FIGURE 2.: A, Sensitivity analysis of the impact of newborn testing in settings with high and low estimates of key variables in the model compared with average estimates in percent change of infants on ART by age 3 months. B, Sensitivity analysis of the impact of newborn testing in settings with high and low estimates of key variables in the model compared with average estimates in percent change of infants on ART by 18 months. C, Sensitivity analysis of the impact of newborn testing in settings with high and low estimates of key variables in the model compared with average estimates in percent change in number of additional infant deaths prevented at age 12 months.
Country Examples
Because of the wide variations in program performance across sub-Saharan Africa and the impact of various program factors on the outcome of the model, we sought to apply the model to specific country contexts. We used published data from Swaziland and Kenya to highlight the difference that key variables could have on the impact of newborn HIV testing. Compared with Kenya, Swaziland has a higher facility birth rate (74% versus 41%), higher HIV prevalence (31% versus 6.2%), and a higher current rate of 6-week HIV testing (81% versus 39%). Swaziland also has a much higher PMTCT utilization rate (83% versus 53%) (Table 3 ). Using these country-specific assumptions, our model showed that newborn HIV testing would have a larger impact in Kenya, increasing the number of infants on ART at age 3 months by 359% compared with 249% in Swaziland (Table 4 ). This translates into 66 more infant deaths prevented each year in Kenya using newborn testing compared with 9 infant deaths per year prevented using newborn testing in Swaziland (Table 4 ).

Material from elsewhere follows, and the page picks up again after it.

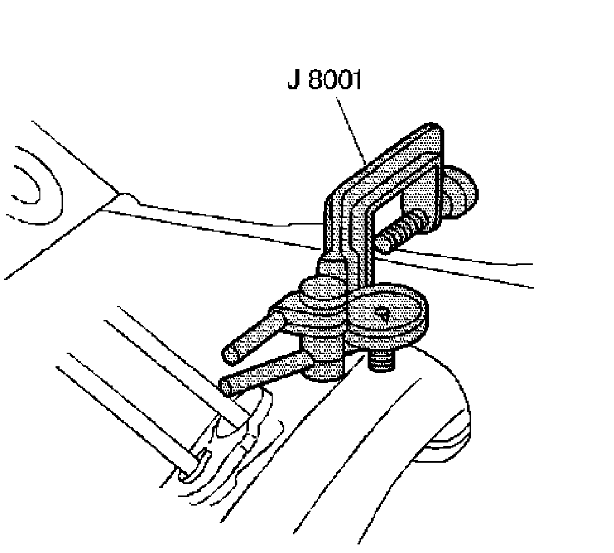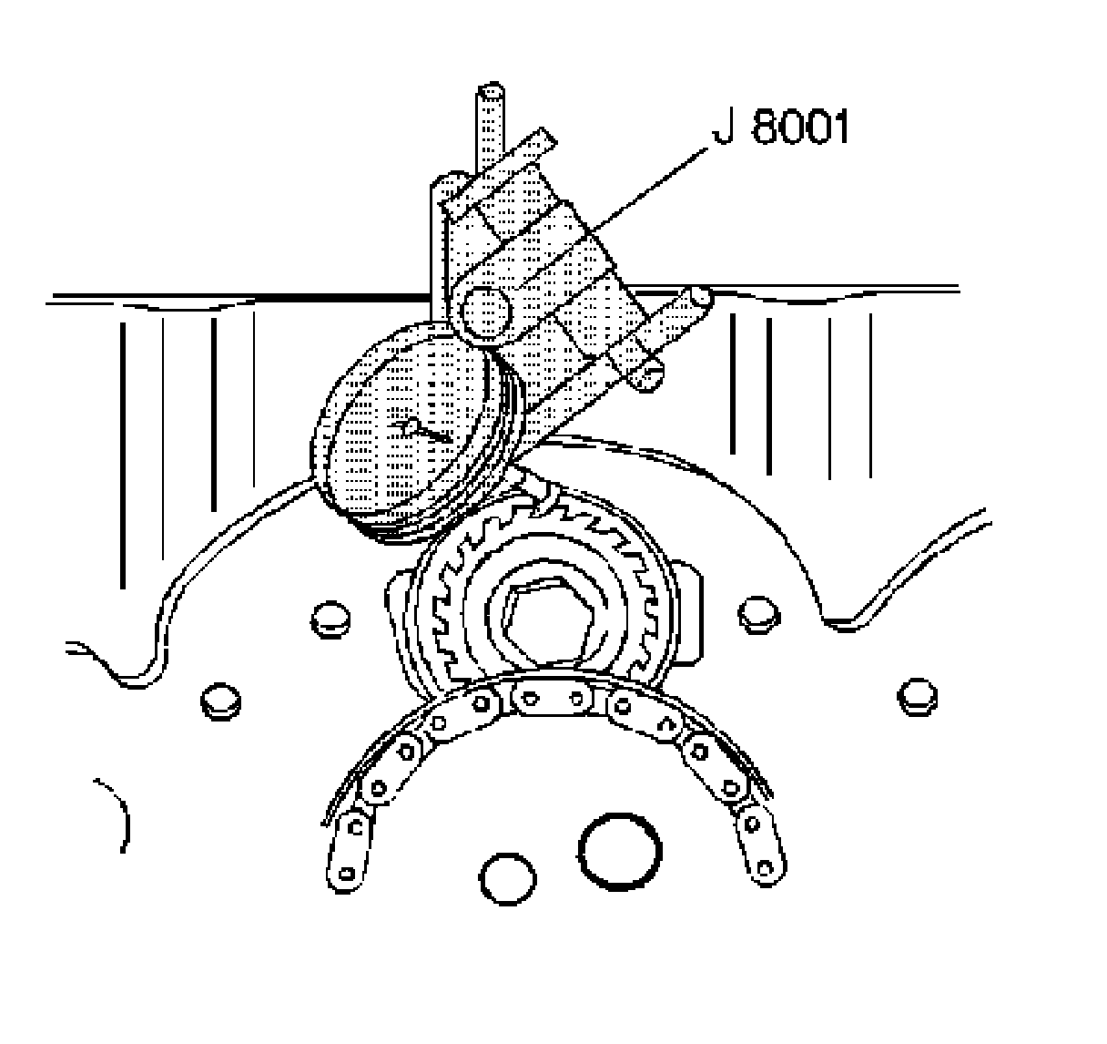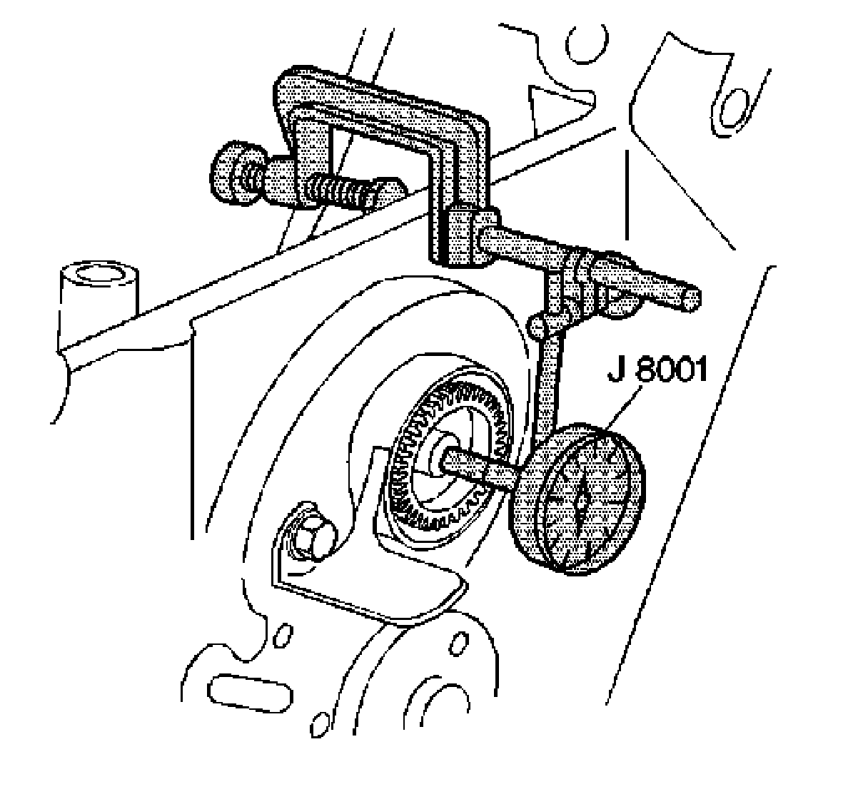 6. Using J 8001 measure the balance shaft end play. End play must not exceed 0.028 mm (0.008 inch).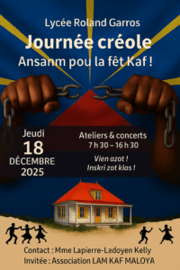 C’est hier, le 18 décembre 2025, que s’est déroulée la toute première Journée Créole au Lycée Roland Garros, un événement marquant pour célébrer notre culture réunionnaise, notre langue créole et notre patrimoine commun. À l’occasion de la Fét Kaf, nous avons eu la chance de partager un moment unique, riche en émotions et en découvertes.

TABLE 4.: Infant ART Initiation at 3 and 18 Months, and Lives Saved by Adding Newborn Testing to Routine Infant HIV Testing Algorithms in Kenya and Swaziland
DISCUSSION
Our model shows that newborn HIV DNA PCR testing in sub-Saharan Africa has the potential to increase the number of infected infants initiated on treatment before the age of 3 months and significantly reduce infant mortality due to perinatally acquired HIV; the addition of newborn HIV testing would increase the number of infants on ART by 3 months by 543% and help prevent 5108 HIV-related infant deaths at 12 months of age. Although this model provides insight into the potential impact of newborn testing in sub-Saharan Africa, the real impact of newborn testing will be highly variable based on a country's specific burden of HIV and program performance. Our sensitivity analysis showed that newborn testing would have the largest impact and prevent the most deaths in countries with a high proportion of facility births and the countries with the lowest PMTCT rates. In our country examples, although Swaziland has stronger systems once infected children are identified, the fact that Kenya has lower PMTCT rates, translating into more peripartum infections, increases the potential of newborn testing to find more HIV-infected infants in that country.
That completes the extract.